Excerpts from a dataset
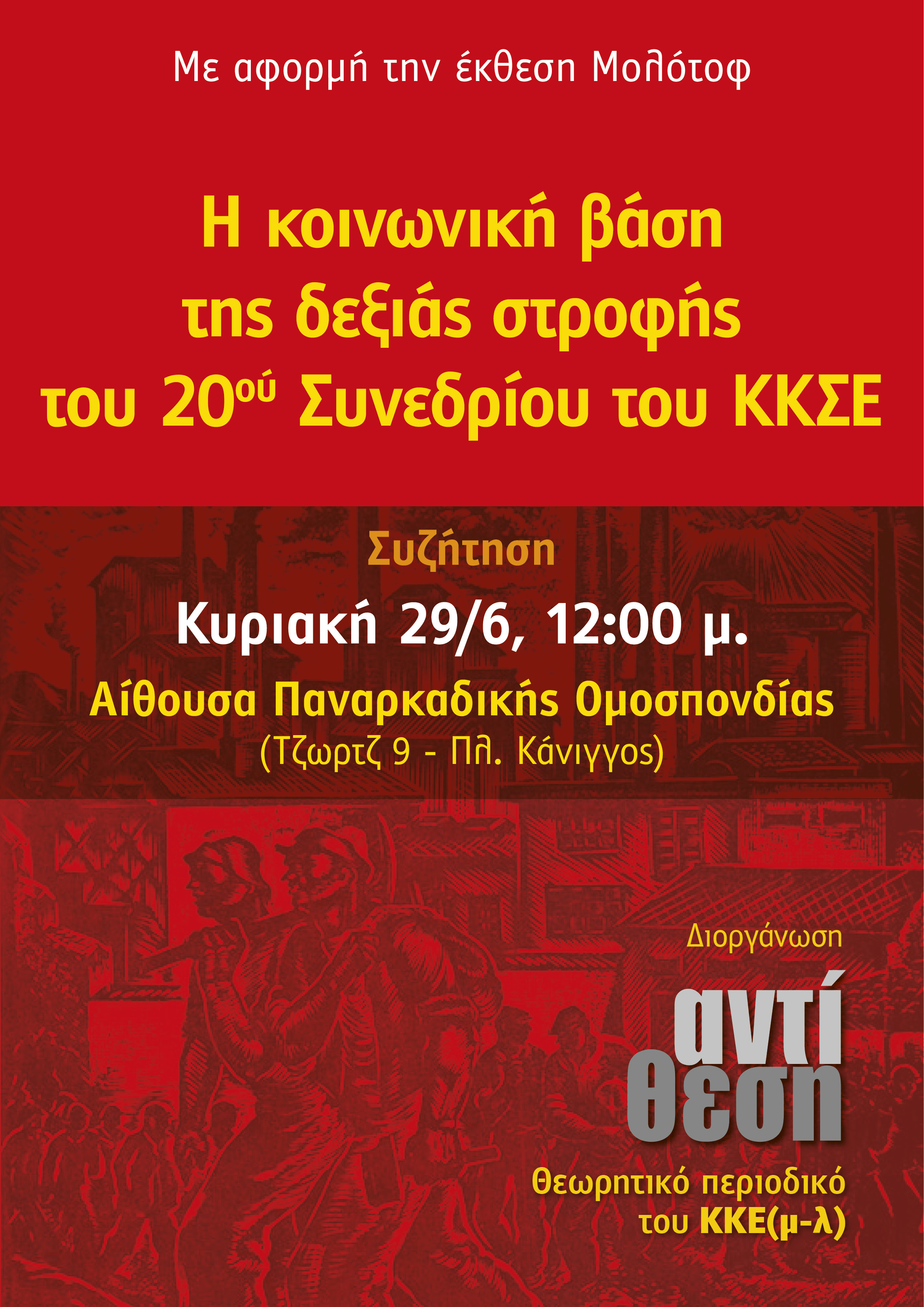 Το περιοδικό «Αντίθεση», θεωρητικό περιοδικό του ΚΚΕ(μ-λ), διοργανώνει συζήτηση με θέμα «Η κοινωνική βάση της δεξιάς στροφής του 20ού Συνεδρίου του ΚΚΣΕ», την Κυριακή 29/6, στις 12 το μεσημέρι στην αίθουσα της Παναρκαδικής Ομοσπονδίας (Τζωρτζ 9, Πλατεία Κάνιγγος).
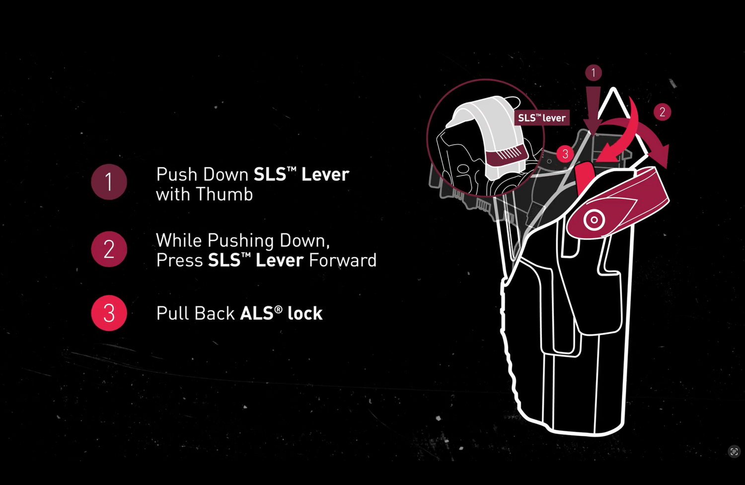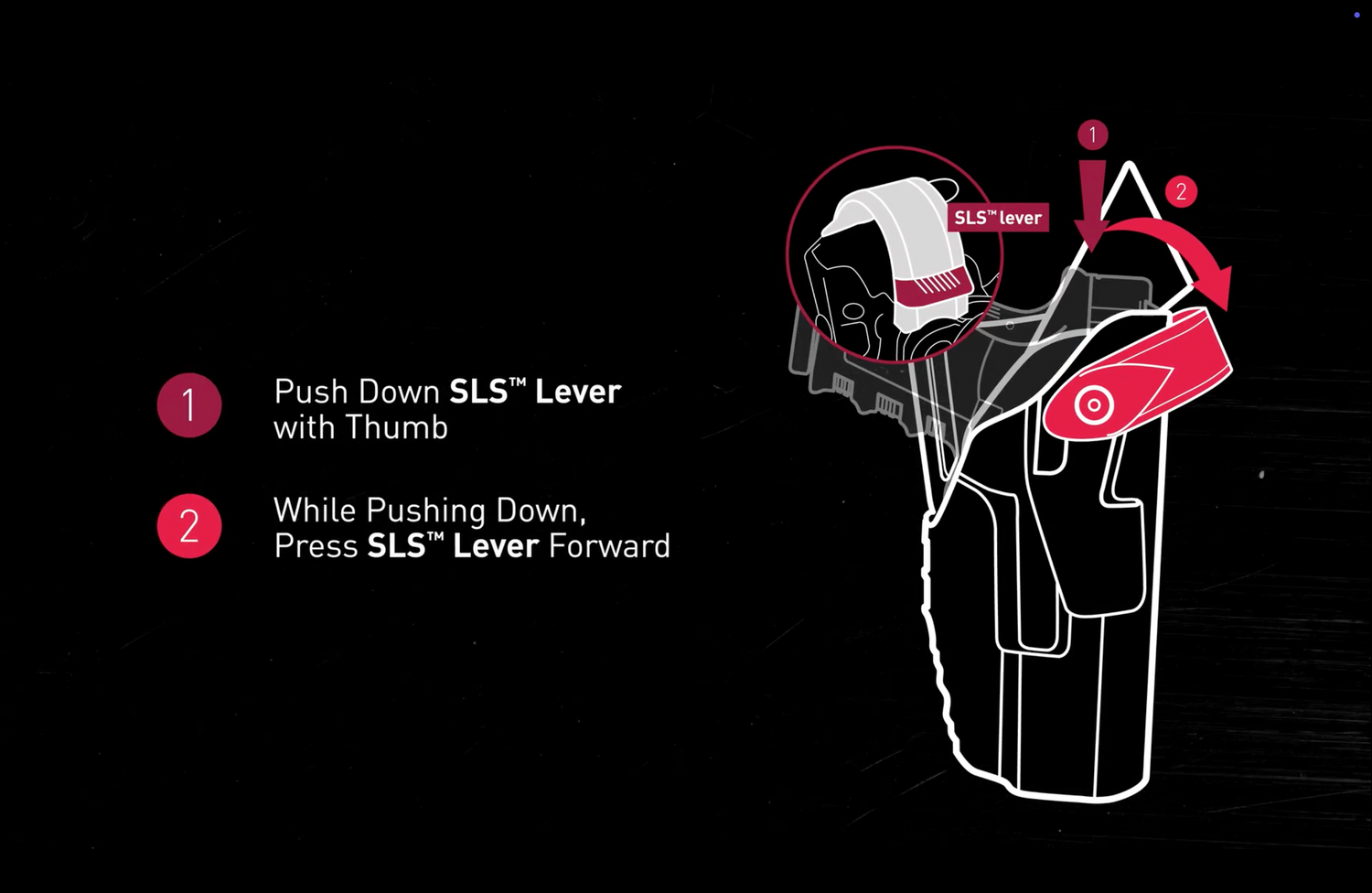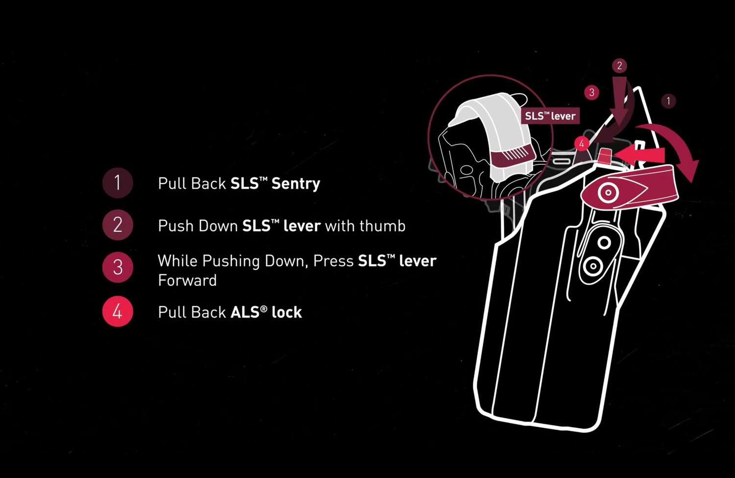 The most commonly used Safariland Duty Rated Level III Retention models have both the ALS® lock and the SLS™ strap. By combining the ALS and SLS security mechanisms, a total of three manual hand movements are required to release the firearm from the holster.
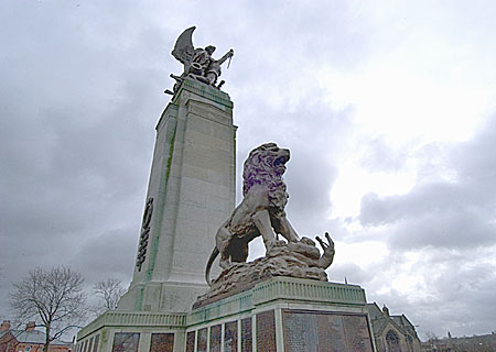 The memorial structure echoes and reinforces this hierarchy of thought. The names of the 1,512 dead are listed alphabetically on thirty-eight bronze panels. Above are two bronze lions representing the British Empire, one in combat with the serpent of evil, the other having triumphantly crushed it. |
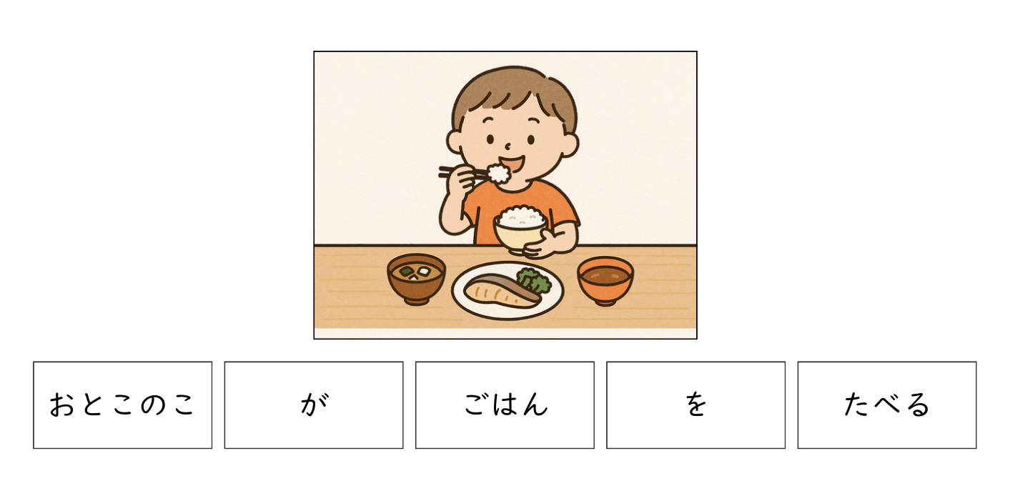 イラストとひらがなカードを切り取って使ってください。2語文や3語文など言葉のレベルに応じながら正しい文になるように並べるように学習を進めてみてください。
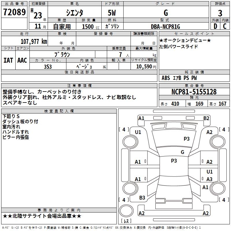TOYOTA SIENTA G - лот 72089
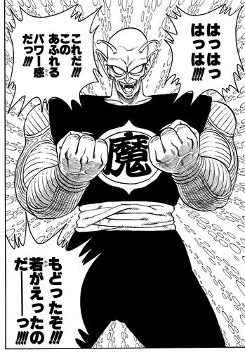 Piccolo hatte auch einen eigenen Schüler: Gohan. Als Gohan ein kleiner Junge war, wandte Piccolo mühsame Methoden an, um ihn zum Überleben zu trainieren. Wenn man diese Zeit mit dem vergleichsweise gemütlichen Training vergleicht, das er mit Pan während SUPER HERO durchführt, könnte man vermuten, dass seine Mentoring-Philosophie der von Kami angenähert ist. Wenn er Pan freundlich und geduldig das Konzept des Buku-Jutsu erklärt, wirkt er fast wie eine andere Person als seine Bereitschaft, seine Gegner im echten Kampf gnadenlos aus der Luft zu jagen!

#### TASK OBJECTIVE:
Please return only the lines from the one holding "The most commonly" through the end of the data, both ends included; do not copy any pictures.

#### RESPONSE TO THIS EXERCISE:
 The most commonly used Safariland Duty Rated Level III Retention models have both the ALS® lock and the SLS™ strap. By combining the ALS and SLS security mechanisms, a total of three manual hand movements are required to release the firearm from the holster.
 The memorial structure echoes and reinforces this hierarchy of thought. The names of the 1,512 dead are listed alphabetically on thirty-eight bronze panels. Above are two bronze lions representing the British Empire, one in combat with the serpent of evil, the other having triumphantly crushed it. |
 イラストとひらがなカードを切り取って使ってください。2語文や3語文など言葉のレベルに応じながら正しい文になるように並べるように学習を進めてみてください。
TOYOTA SIENTA G - лот 72089
 Piccolo hatte auch einen eigenen Schüler: Gohan. Als Gohan ein kleiner Junge war, wandte Piccolo mühsame Methoden an, um ihn zum Überleben zu trainieren. Wenn man diese Zeit mit dem vergleichsweise gemütlichen Training vergleicht, das er mit Pan während SUPER HERO durchführt, könnte man vermuten, dass seine Mentoring-Philosophie der von Kami angenähert ist. Wenn er Pan freundlich und geduldig das Konzept des Buku-Jutsu erklärt, wirkt er fast wie eine andere Person als seine Bereitschaft, seine Gegner im echten Kampf gnadenlos aus der Luft zu jagen!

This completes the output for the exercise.